Я взглянула на неудачный результат свои трудов, который косо свисал на одну сторону с выбивавшимся концом ленточки. Я не была уверена, что мне не все равно.
– Ты думаешь, что кто-нибудь обратит внимание на неаккуратные банты?
Он, слегка прищурившись, посмотрел на меня.
– Ну же. Почему ты вообще меня спрашиваешь? Ты просто делаешь работу, делаешь ее правильно и доводишь все до конца.
– Ты это вычитал где-нибудь?
– В чем дело? – Он улыбнулся в ответ на мой сарказм. – В частных школах не учат, как делать украшения?
Он развязал мой бант и переделал узел.
– Видишь, – он пояснил, как нужно делать, – делаешь верхнюю часть чуть длиннее, затем используешь нижний кусочек, чтобы сделать первую петлю. – Я наблюдала за его пальцами, его руками. Пальцы были длинными, а руки квадратными. Как у моего отца. – Затем продеваешь под верхнюю часть, поворачивая таким образом, чтобы бархатная сторона оказалась сверху. – Он сильнее потянул за петли, – на столбе висел аккуратный бант, и не было видно ничего кроме бархата. – Ножницы, – сказал он, протянув руку, как хирург в ожидании скальпеля. Я вложила их в его ладонь. Он сделал два быстрых надреза. – Заканчиваешь, обрезав концы в равных точках. Твоя бабушка была достаточно точной в этом.
Он посмотрел на меня и улыбнулся своей старой улыбкой, нежной и искренней, которую я всегда ожидала и на которую полагалась. Я снова подумала, почему мне кажется, что он в последнее время злится на меня.
Я стояла к нему так близко, что могла различить все его запахи: сильный чистый замах розового мыла и ели на его руках, летнего сена с конюшни, из которой он, вероятно, пришел сюда. Пока я так стояла, я думала, что чувство запаха, больше чем что-нибудь другое, обладает силой стирания времени. Что аромат может перенести тебя в любой момент с такой силой, таким притяжением, что ты почувствуешь, что стоит только открыть двери и ты снова окажешься в этом моменте. Прошлое накатило на меня, почти осязаемое, пока я стояла рядом с Джексоном, вдыхала его запах, и я хотела этого. Я хотела вернуть нас с Джексоном такими, какими мы были.
– Ты проснулась? – спросил он.
Я сделала шаг назад. Затем отмерила еще три фута ленты и отрезала.
– Не мог бы ты показать мне еще раз, пожалуйста?
***
За работой мы вели дружескую, ни к чему не обязывающую беседу, он – на дереве, а я на перилах лестницы. Я чувствовала себя неловко, но мне помогало то, что необходимо сосредотачиваться – с каждым разом мои банты становились все лучше.
– Бабушка говорила, что тебя приняли в Святом Игнатии? – спросил он.
– Они не хотели, но Хэтэуэй заставил их.
– Сенатор?
– Они с мамой старые друзья. Вообще-то, я думаю, что он может быть моим крестным.
– Думаю, что это может пригодиться, – заметил он, – быть крестницей следующего президента.
Я согласилась что да, может.
– Тебе нравится?..
– Школа в Северне? Она вполне приличная. Она была интегрирована в восьмидесятых.

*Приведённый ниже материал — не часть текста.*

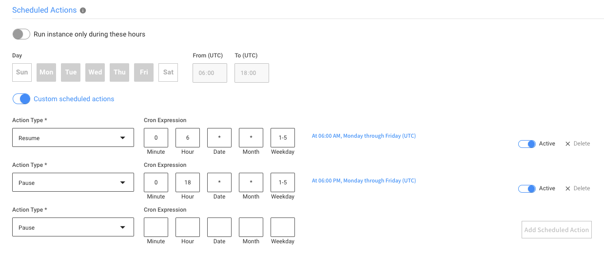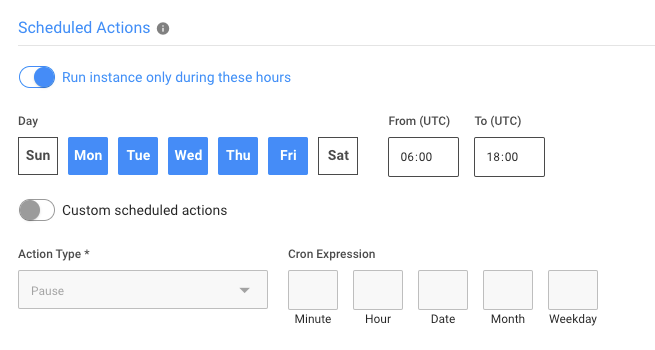 You can choose one of two options – predetermined Running hours, or custom scheduled actions.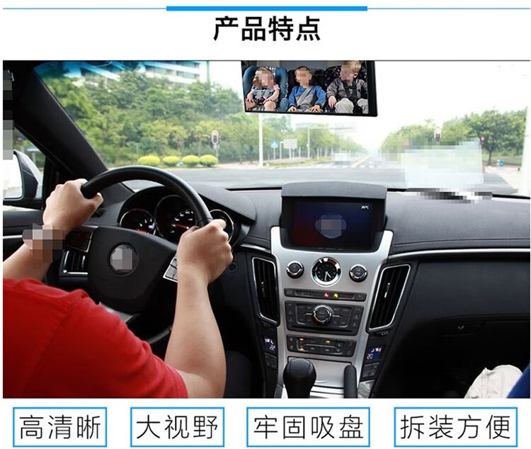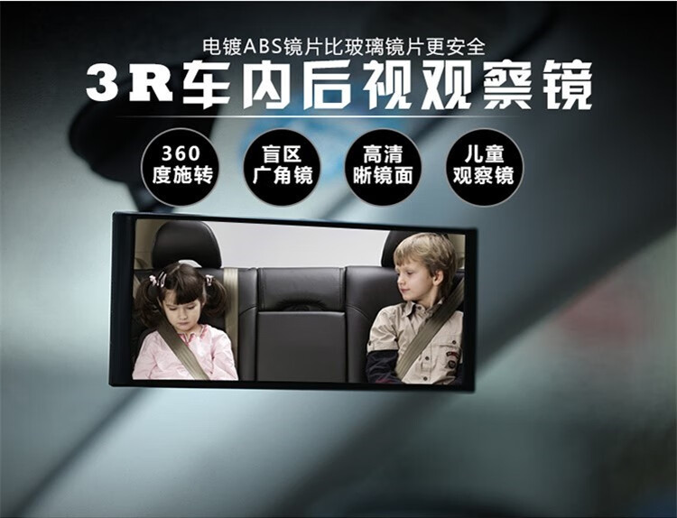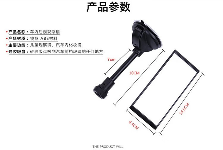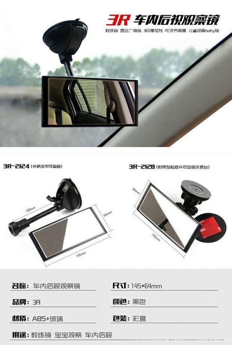 Jelle 3R car interior rearview mirror, children's observation mirror, baby car rearview mirror, auxiliary reflective suction cup mirror, suction cup wide-angle plane mirror, coach car indoor auxiliary rearview mirror 3R-2124 (long handle bracket, press to fix)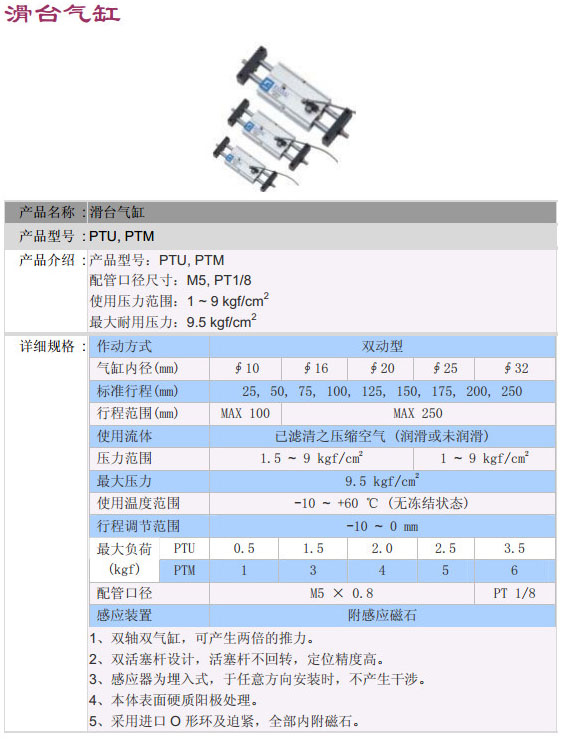 PTU-10*25,PTU-16*25,PTU-20*25,PTU-25*25,PTU-32*25,PTM-10*25,PTM-16*25,PTM-20*25,PTM-25*25,POSU滑臺氣缸 |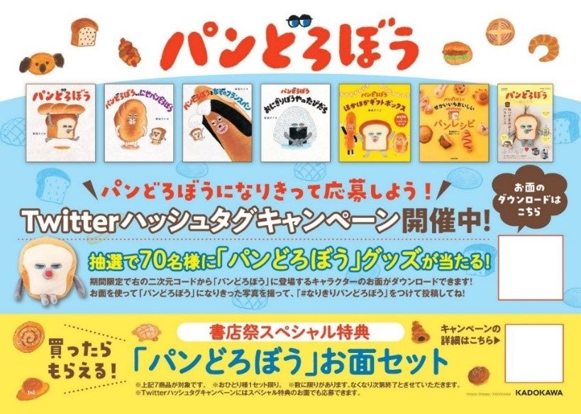 また、実施書店では「パンどろぼう」シリーズの店頭フェアを開催します。店頭で対象作品をご購入いただいた方には、限定特典として「パンどろぼう」のお面セットをプレゼントし、限定特典のお面もしくは店頭パネルからダウンロードできるお面を使ってTwitterで応募できる「なりきり「パンどろぼう」キャンペーン」も同時開催します。お客様に楽しみながら「パンどろぼう」の魅力に触れていただける企画をご用意し、店頭を盛り上げてまいります。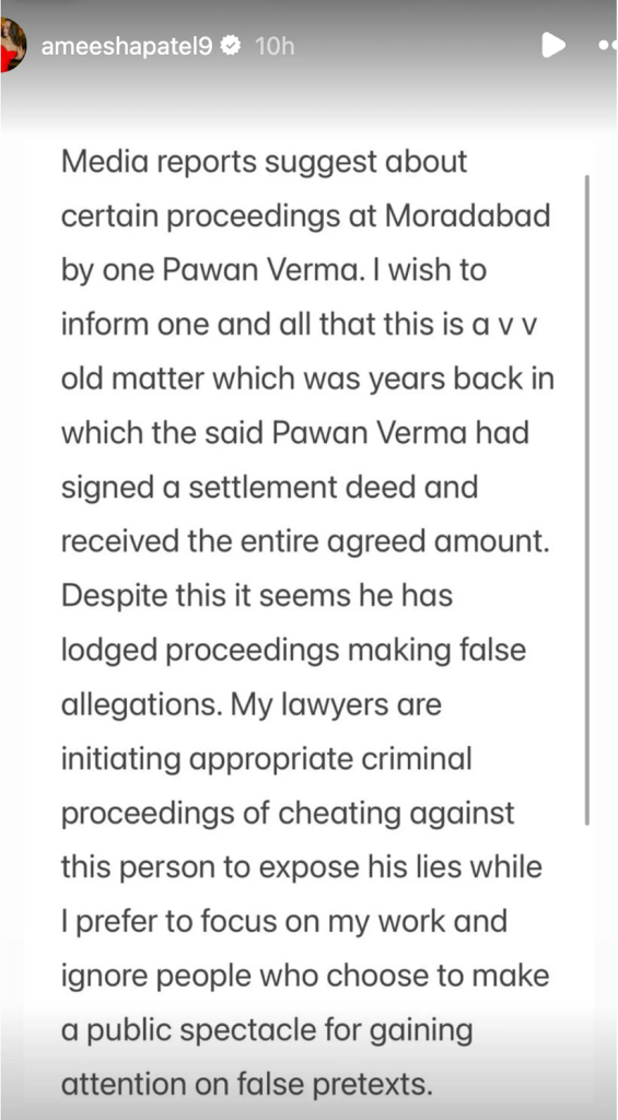 Tartışmayı ele alan Ameesha, konunun eski olduğunu ve yıllar önce çözüldüğünü iddia ederek İnstagram üzerinden ayrıntılı bir not paylaştı.Açıklamasında, etkinlik organizatörü Pawan Verma’nın bir uzlaşma tapusu imzaladığını ve kararlaştırılan 14,5 yüz bin Rupi tutarının tamamını aldığını açıkladı. Ayrıca, anlaşmaya rağmen, “yanlış iddialar” olarak tanımladığı şeyle yeni yargılamalar başlatıldığını iddia etti.”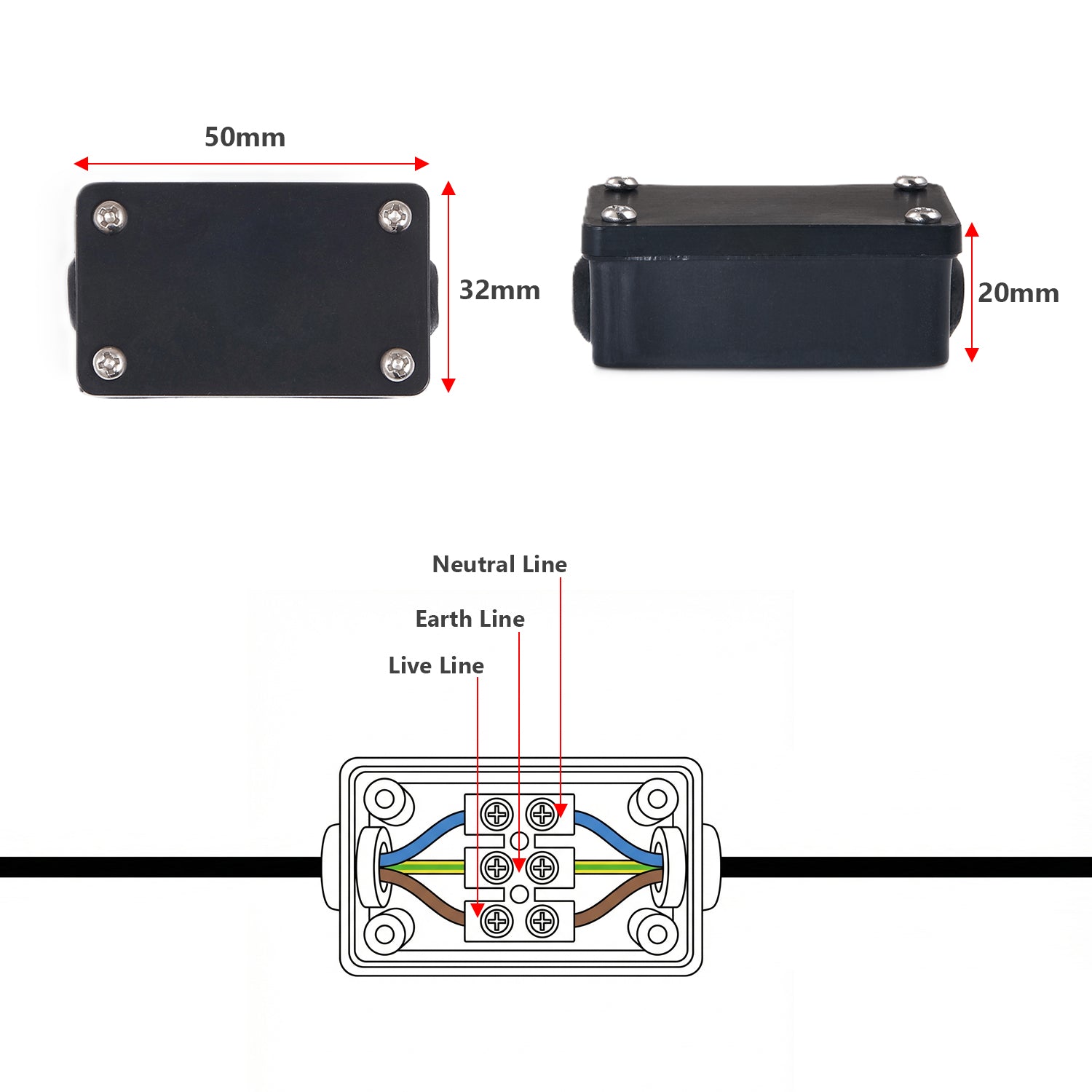 - Terminalkonfiguration: 3-Core (Live / Neutral / Earth)
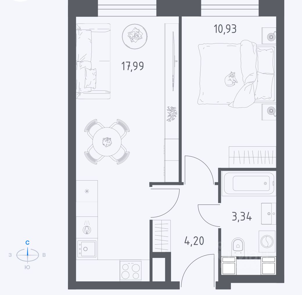 -Большая КУХНЯ-ГОСТИНАЯ - 18 метра!!! -Отдельная спальня - 11 метров.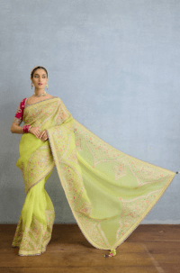 Green Organza Thread Embroidered Saree Set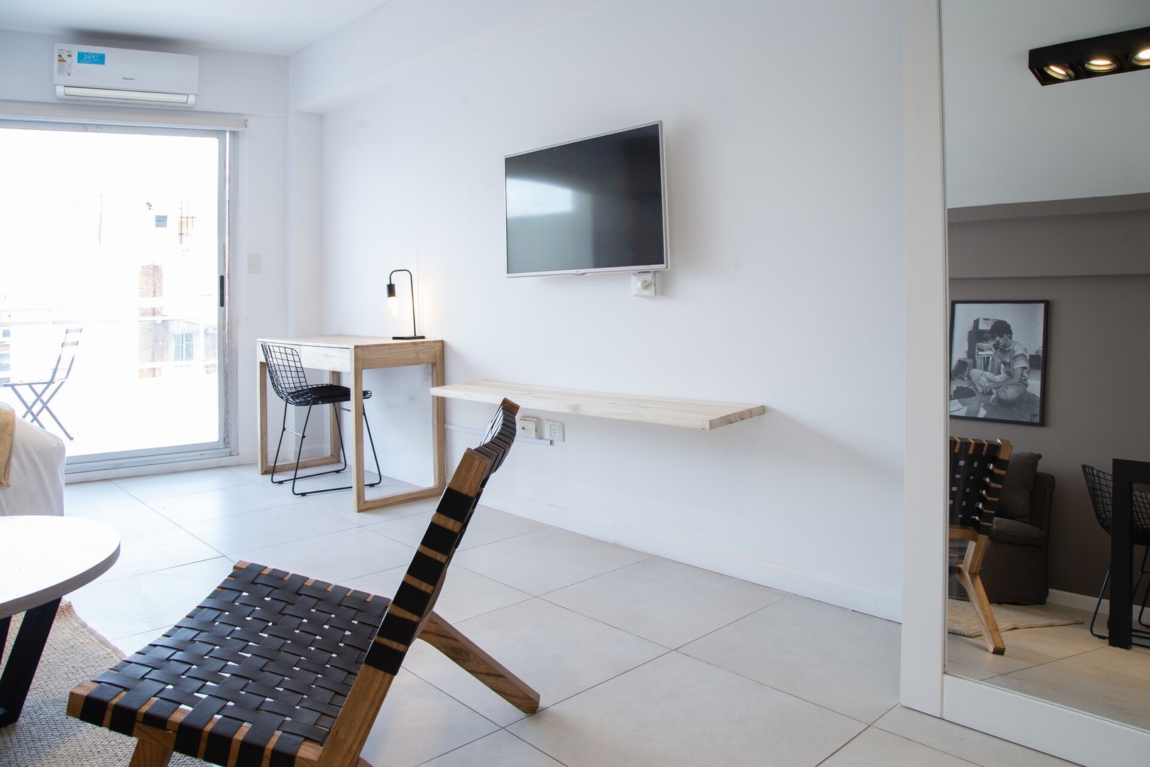 Elegante y luminoso studio en el corazón de Palermo, uno de los barrios más vibrantes de Buenos Aires. Rodeado de tiendas de diseño, restaurantes, bares y museos, es ideal para parejas. Cuenta con cómoda cama queen size, cocina totalmente equipada, Smart TV y un funcional escritorio para home office. Cada detalle fue pensado para brindarte confort y estilo. Viví una estadía moderna, cálida y con el auténtico espíritu porteño.

– Ты в этом году выпускаешься. Что будешь делать дальше? Я удивилась, почему не имела ни малейшего понятия о том, чего хочет от жизни Джексон.
– Я не люблю говорить о будущем, – сказал он.
– Это больше не будущее, – сказала я. – Это следующий шаг. Это то, чем тебе следует заняться прямо сейчас.
Он заколебался, как будто раздумывал, хочет ли он мне рассказывать. Меня ранило то, что он мне не доверял.
– Я хотел бы изучать медицину в Хопкинсе? – наконец тихо ответил он.
– Хопкинс? – я не должна была выглядеть настолько пораженной, но это было сродни тому, как если бы он сказал что хочет отправиться на луну. Бедный черный парень из ниоткуда поступит в Университет Джона Хопкинса? В школе был интернациональный студенческий орган, сформированный из умнейших и ярчайших, но когда дело доходило до разнообразия, в статистике преобладали белые и мужчины. В конце концов, это же была Конфедерация.
– Твой отец сказал, что он попробует помочь мне попасть туда.
– Вау, – сказала я, заставив себя выглядеть воодушевленной. Рекомендация от моего отца, выпускника Хопкинса, уважаемого члена своего факультета и всемирно известного хирурга может помочь преодолеть предрассудки относительно Джексона. Может быть. – У тебя должны быть чертовски хорошие оценки. Ты хочешь стать врачом?
– Я собираюсь стать врачом, – твердо ответил он. – Однажды. – Но он опустил глаза, когда он это говорил.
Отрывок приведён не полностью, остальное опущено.